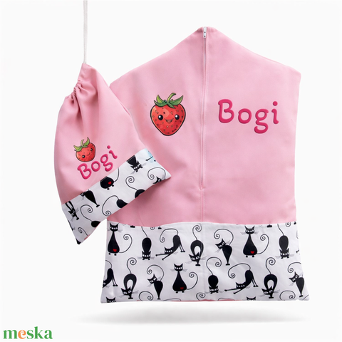 Ovis zsák + tornazsák szett névvel és jellel (rózsaszín + fekete cicás), ajándék szeretetküldővel
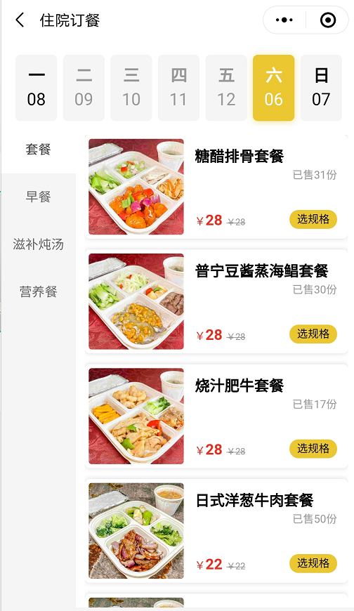 通過判斷用戶綁卡信息,系統可引導職工、病患在線上指定訂餐區完成點餐。用戶可一次性在線上完成三天跨度的餐品預定,大大縮短傳統線下點餐需要耗費的時間。
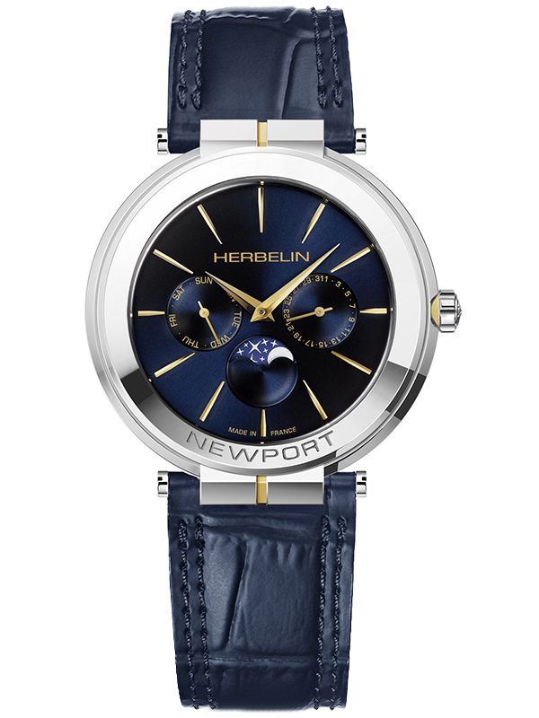 Tarcza tego zegarka męskiego Herbelin ma granatowy kolor. Na jej tle wyróżniają się srebrne indeksy w formie cienkich kresek. Całość uzupełniają stylizowane złote wskazówki. Na godzinie trzeciej umieszczono datownik informujący o aktualnym dniu miesiąca, a na godzinie dziewiątej – ten wskazujący na dzień tygodnia. Z kolei na godzinie szóstej umieszczono wskaźnik faz księżyca. Do ochrony tarczy wykorzystano znane z ogromnej odporności na zarysowania szkło szafirowe.

Required work — Please set the data above down exactly, with the pictures removed.

Result below —
 Ovis zsák + tornazsák szett névvel és jellel (rózsaszín + fekete cicás), ajándék szeretetküldővel
 通過判斷用戶綁卡信息,系統可引導職工、病患在線上指定訂餐區完成點餐。用戶可一次性在線上完成三天跨度的餐品預定,大大縮短傳統線下點餐需要耗費的時間。
 Tarcza tego zegarka męskiego Herbelin ma granatowy kolor. Na jej tle wyróżniają się srebrne indeksy w formie cienkich kresek. Całość uzupełniają stylizowane złote wskazówki. Na godzinie trzeciej umieszczono datownik informujący o aktualnym dniu miesiąca, a na godzinie dziewiątej – ten wskazujący na dzień tygodnia. Z kolei na godzinie szóstej umieszczono wskaźnik faz księżyca. Do ochrony tarczy wykorzystano znane z ogromnej odporności na zarysowania szkło szafirowe.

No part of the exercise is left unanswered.